* [WORK REQUEST] With pictures left out, output exactly the lines of the listing below from the line that has "Magenta Pearl Garden Phlox flowers" to the line that has "Fiery Skippers", both lines kept.

* [DATASET]
········
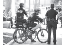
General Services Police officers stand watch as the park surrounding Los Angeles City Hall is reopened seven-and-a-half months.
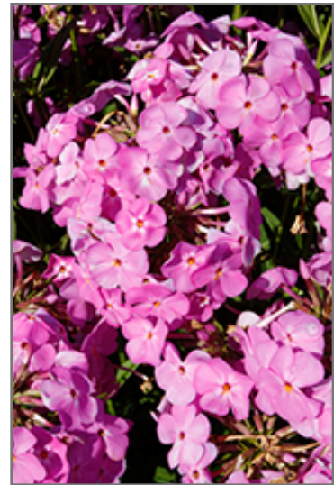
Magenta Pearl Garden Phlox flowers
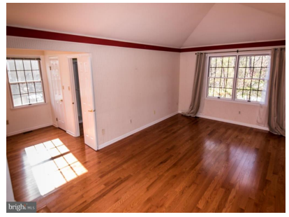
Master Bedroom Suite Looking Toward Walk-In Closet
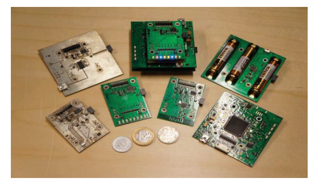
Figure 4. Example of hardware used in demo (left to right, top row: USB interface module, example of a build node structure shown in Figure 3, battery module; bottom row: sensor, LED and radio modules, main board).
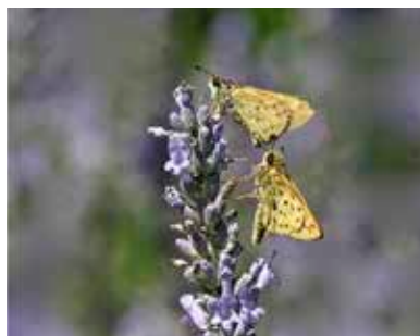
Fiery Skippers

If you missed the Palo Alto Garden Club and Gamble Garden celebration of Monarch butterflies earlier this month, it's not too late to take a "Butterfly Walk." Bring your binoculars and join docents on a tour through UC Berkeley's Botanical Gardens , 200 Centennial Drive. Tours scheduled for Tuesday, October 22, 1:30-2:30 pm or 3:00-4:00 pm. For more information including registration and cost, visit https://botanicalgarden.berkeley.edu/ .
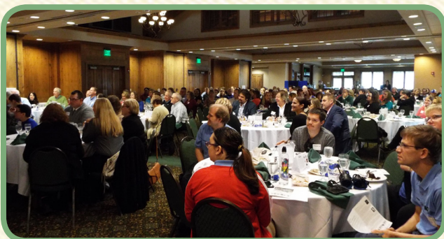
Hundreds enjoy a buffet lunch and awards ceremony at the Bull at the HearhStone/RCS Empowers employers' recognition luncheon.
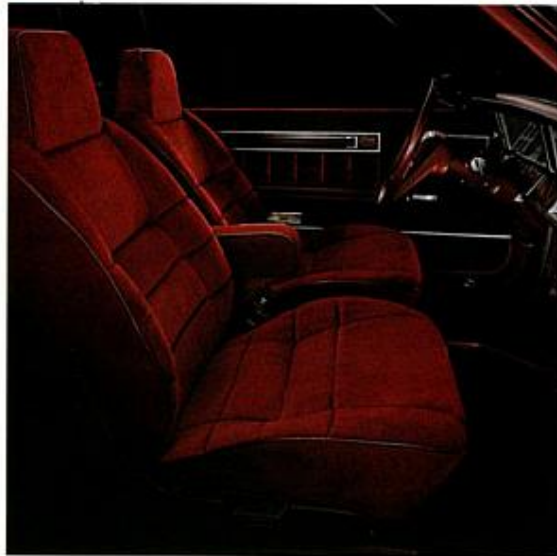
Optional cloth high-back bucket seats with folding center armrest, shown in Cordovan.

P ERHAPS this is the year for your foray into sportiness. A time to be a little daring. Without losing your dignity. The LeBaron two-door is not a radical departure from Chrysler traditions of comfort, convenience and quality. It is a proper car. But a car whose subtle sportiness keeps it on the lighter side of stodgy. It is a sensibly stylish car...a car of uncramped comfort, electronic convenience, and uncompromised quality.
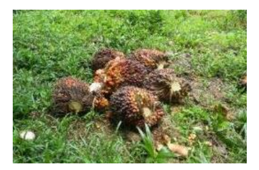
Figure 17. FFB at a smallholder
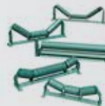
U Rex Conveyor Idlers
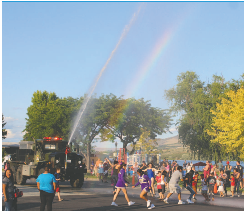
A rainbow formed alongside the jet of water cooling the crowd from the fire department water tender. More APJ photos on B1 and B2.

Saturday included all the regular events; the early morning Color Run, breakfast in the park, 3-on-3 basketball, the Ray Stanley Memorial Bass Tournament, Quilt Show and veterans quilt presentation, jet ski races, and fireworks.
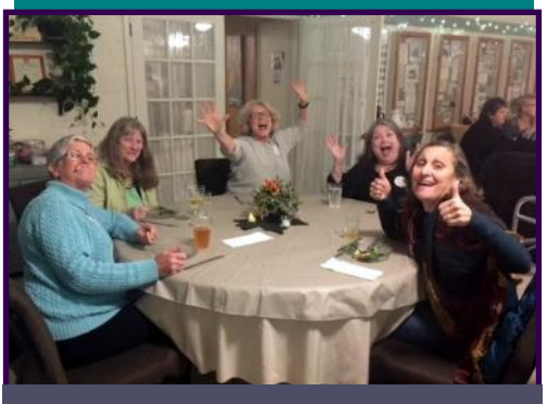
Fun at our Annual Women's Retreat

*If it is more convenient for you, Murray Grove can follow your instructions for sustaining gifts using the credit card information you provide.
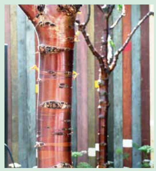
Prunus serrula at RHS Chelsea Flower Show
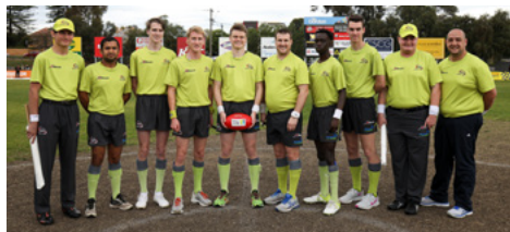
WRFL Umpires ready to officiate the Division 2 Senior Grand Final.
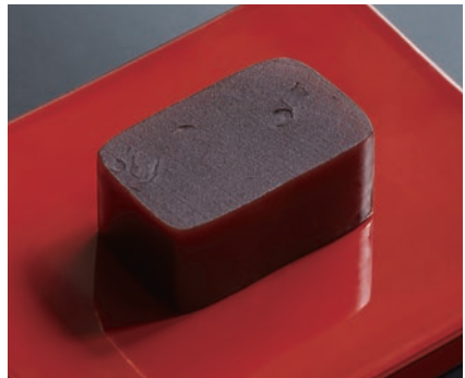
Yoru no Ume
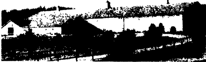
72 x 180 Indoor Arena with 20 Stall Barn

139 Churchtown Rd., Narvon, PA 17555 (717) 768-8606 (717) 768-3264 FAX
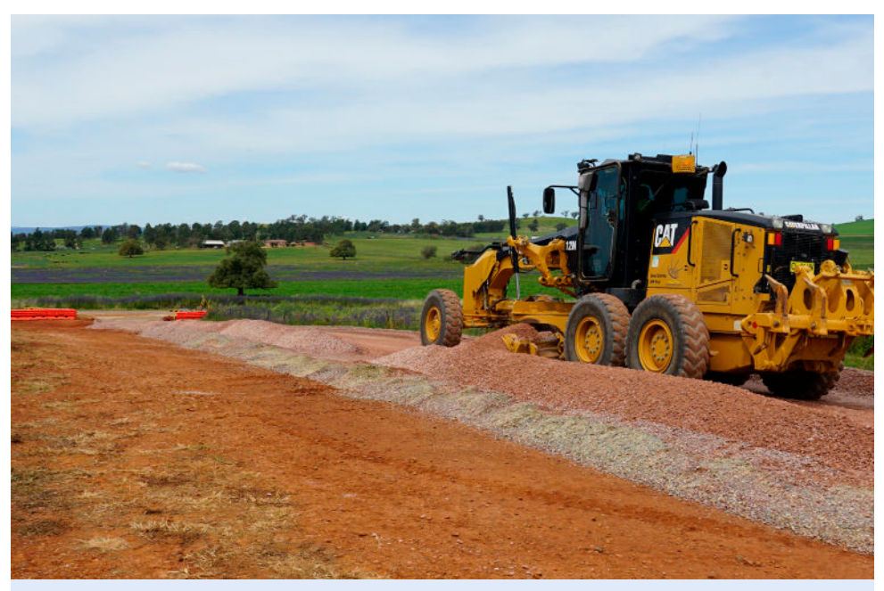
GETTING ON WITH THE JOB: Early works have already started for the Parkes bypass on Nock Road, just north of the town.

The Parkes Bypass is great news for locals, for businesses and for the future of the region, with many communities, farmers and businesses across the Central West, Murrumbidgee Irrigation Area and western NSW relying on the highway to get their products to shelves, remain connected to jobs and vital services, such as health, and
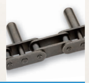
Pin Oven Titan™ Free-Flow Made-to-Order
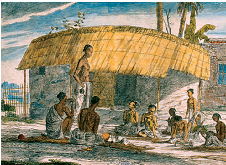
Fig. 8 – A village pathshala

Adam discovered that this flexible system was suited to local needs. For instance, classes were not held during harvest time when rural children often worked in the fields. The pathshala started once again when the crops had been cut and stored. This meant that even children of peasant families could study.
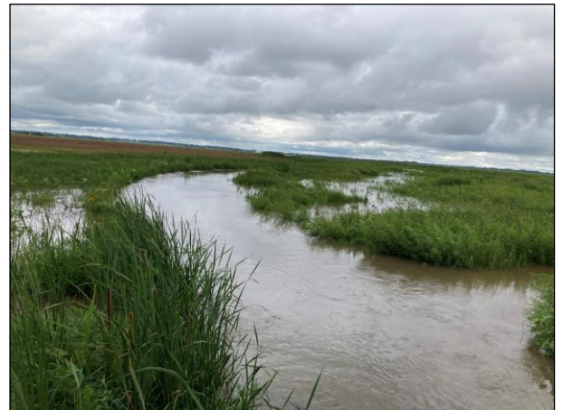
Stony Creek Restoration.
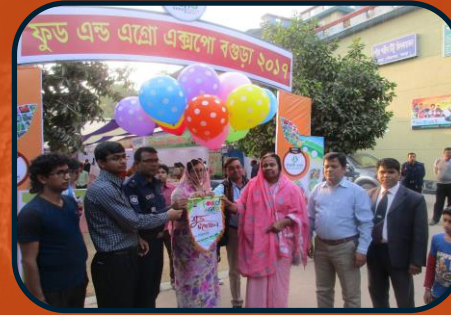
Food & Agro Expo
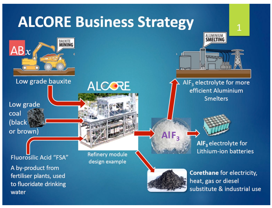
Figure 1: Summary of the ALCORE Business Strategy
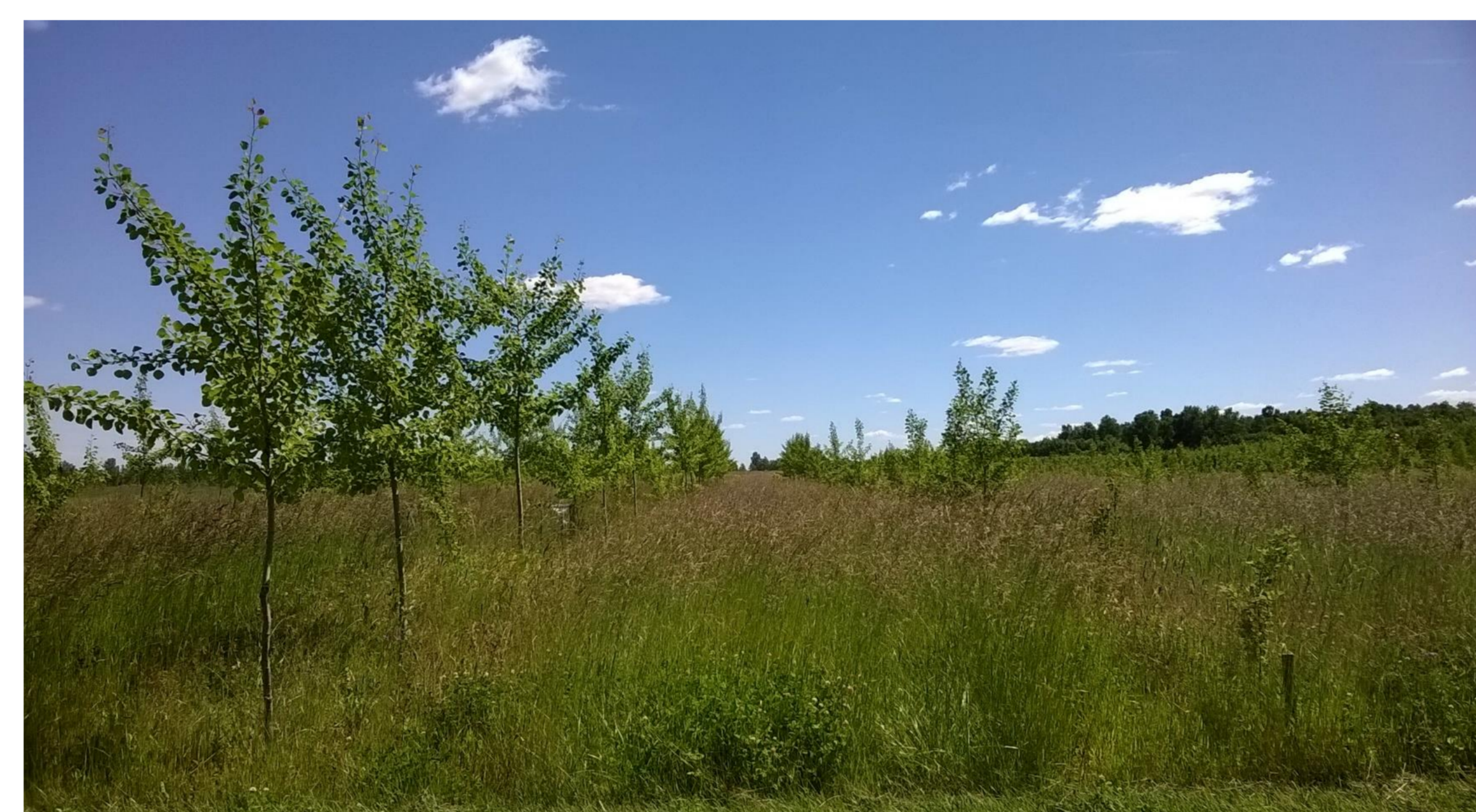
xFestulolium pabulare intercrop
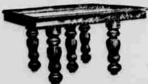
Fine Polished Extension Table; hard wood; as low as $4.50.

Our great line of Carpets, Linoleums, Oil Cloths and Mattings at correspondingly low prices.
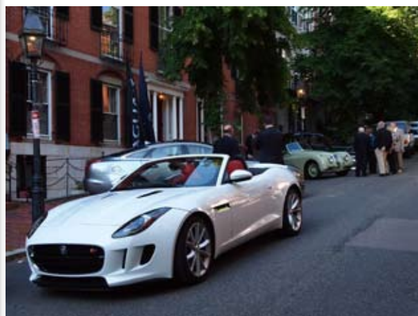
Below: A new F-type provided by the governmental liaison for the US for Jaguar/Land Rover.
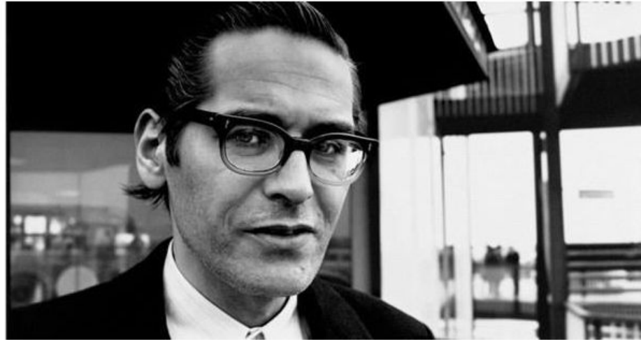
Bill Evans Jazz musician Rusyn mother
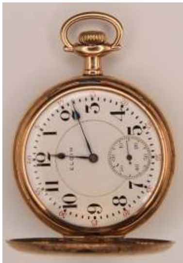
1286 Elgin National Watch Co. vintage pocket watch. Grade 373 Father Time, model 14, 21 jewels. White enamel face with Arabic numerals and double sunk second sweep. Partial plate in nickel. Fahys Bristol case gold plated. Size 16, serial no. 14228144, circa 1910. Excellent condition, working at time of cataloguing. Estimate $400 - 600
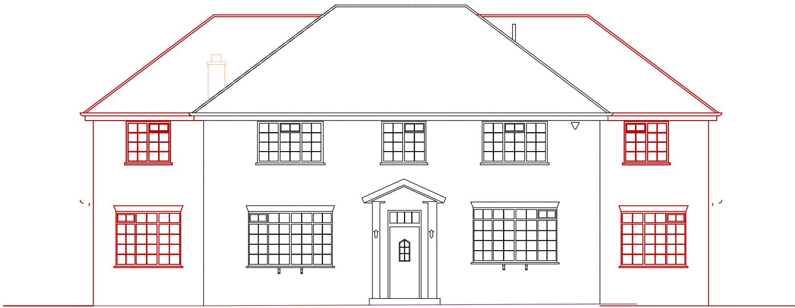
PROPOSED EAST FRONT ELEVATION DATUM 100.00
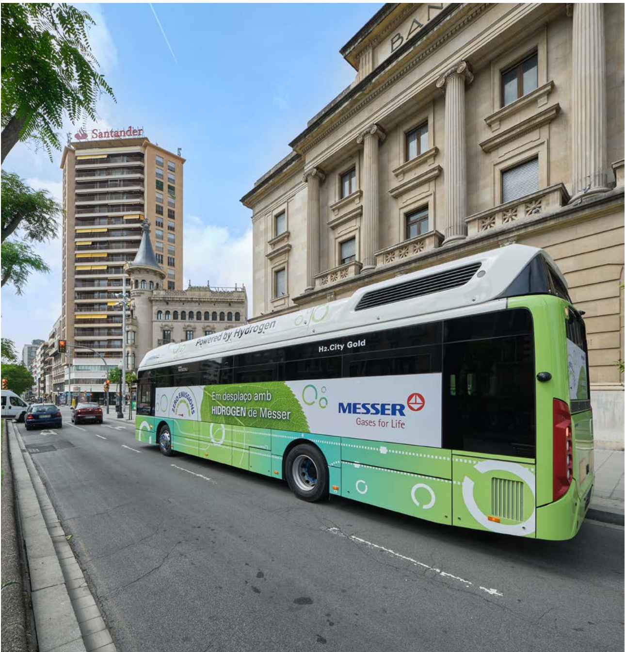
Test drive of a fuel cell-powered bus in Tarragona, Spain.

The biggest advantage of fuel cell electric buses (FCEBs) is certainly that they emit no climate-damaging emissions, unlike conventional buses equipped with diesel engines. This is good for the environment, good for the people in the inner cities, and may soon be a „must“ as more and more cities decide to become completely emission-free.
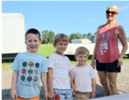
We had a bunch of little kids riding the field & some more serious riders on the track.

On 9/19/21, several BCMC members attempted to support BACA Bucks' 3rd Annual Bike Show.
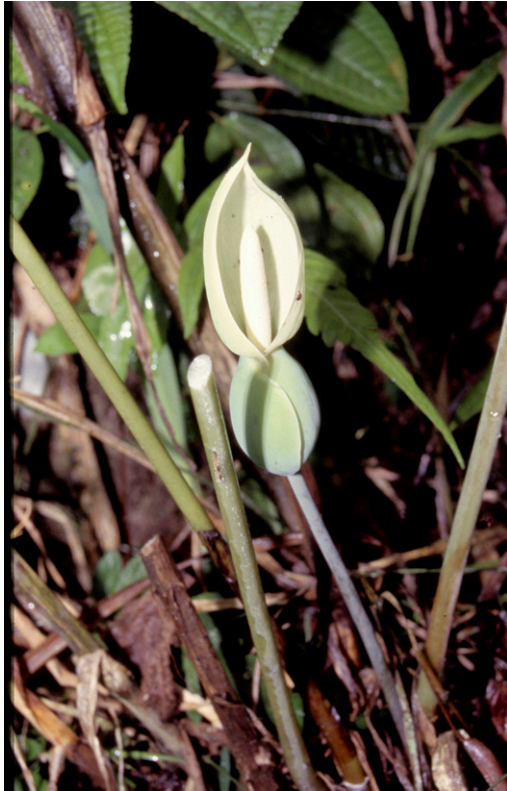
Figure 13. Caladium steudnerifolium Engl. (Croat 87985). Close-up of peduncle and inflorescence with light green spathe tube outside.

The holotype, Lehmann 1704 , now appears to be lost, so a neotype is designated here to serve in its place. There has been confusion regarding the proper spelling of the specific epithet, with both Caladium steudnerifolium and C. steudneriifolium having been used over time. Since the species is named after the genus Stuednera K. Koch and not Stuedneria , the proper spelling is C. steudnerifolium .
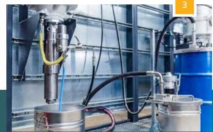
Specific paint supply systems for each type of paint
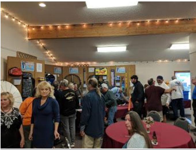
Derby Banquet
········
* [RESULT OF THE EXERCISE]
Magenta Pearl Garden Phlox flowers
Master Bedroom Suite Looking Toward Walk-In Closet
Figure 4. Example of hardware used in demo (left to right, top row: USB interface module, example of a build node structure shown in Figure 3, battery module; bottom row: sensor, LED and radio modules, main board).
Fiery Skippers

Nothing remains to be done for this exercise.